The only way The Music Store Owner and I are able to deliver this sprinting between two floors to commit an offence to all that is good and holy in music twice a week is that we have become quite interested in a health supplement known colloquially as Pink Champagne. This powder cannot be obtained from your local Boots, but luckily there is a nearby biker gang who have a plentiful supply of the stuff. It is made by crushing up some sort of red tablet with whatever available baking soda, washing powder or dust from a hoover bag the bikers have lying around.
Disclaimer: It is not only the time limitations of criminal law that allows me to reveal this potentially nefarious adolescent activity to you. It’s also the more salient point that while we greatly enjoyed acquiring it, sneaking it into places, taking ourselves off to dark corners and chopping it out, whilst imagining ourselves to be minor bit part players in the re-enactment of Scarface the movie, the reality is that with the benefit of hindsight I think I can fairly confidently state that about 0.0001% of it actually contained anything that had been within 5 miles of real illegal or prescription drugs. There was probably more uppers in a throat lozenge. This did not, however, stop us from getting a real buzz out of the ritual of doing it. Plus, of course, our heart rates are sky high anyway as we are now covering about five miles of stairs a night running records up and down between two events.

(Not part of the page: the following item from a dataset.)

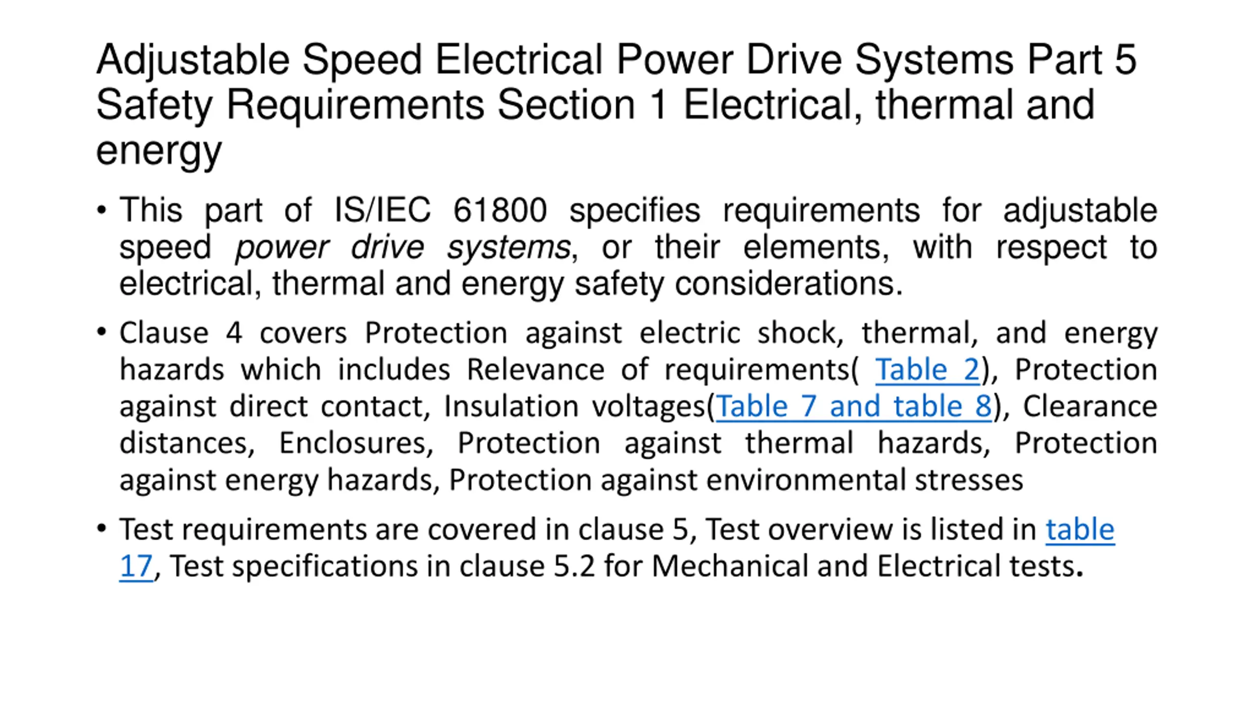 Adjustable Speed Electrical Power Drive Systems Part 5 Safety Requirements Section 1 Electrical, thermal and energy This part of IS/IEC 61800 specifies requirements for adjustable speed power drive systems, or their elements, with respect to electrical, thermal and energy safety considerations. Clause 4 covers Protection against electric shock, thermal, and energy hazards which includes Relevance of requirements( Table 2), Protection against direct contact, Insulation voltages(Table 7 and table 8), Clearance distances, Enclosures, Protection against thermal hazards, Protection against energy hazards, Protection against environmental stresses Test requirements are covered in clause 5, Test overview is listed in table 17, Test specifications in clause 5.2 for Mechanical and Electrical tests.

This obsession with the Pink Champagne ritual is the factor that had led us to us finding ourselves ensconced together, giggling, in the toilet cubicle downstairs. In turn, this creates the opportunity for our non-partaking, designated driver friend The Keyboard Policeman to seize control of the wheels of steel, remove the designated box of carefully arranged records, and replace it with his own selection. No matter how many times we insisted that we would only be three minutes and he was simply to press play on the next turntable and fade from one to the other, he seemed to genuinely believe that Wedding Receptions were greatly enhanced by the occasional Van Der Graaf Generator or Peter Hamill track. No amount of us pointing towards angry and bewildered wedding guests would dissuade him from this notion. Any visit to the bathroom to load up on hoover dust was therefore a high risk activity which might see you return to a deserted dance-floor. And several hundred people trying to work out who had requested track 2 side 1 of Selling England by the Pound.
With my head pinned to the floor by his boot, the dulcet tones of his beloved Doris Day wafting across the abandoned dance-floor, and the promise of an unlikely outing for Hocus Pocus by Focus to look forward to unless we could somehow take back control of the stylus, I couldn’t help but conclude that now might be a good time for me to consider my career choices.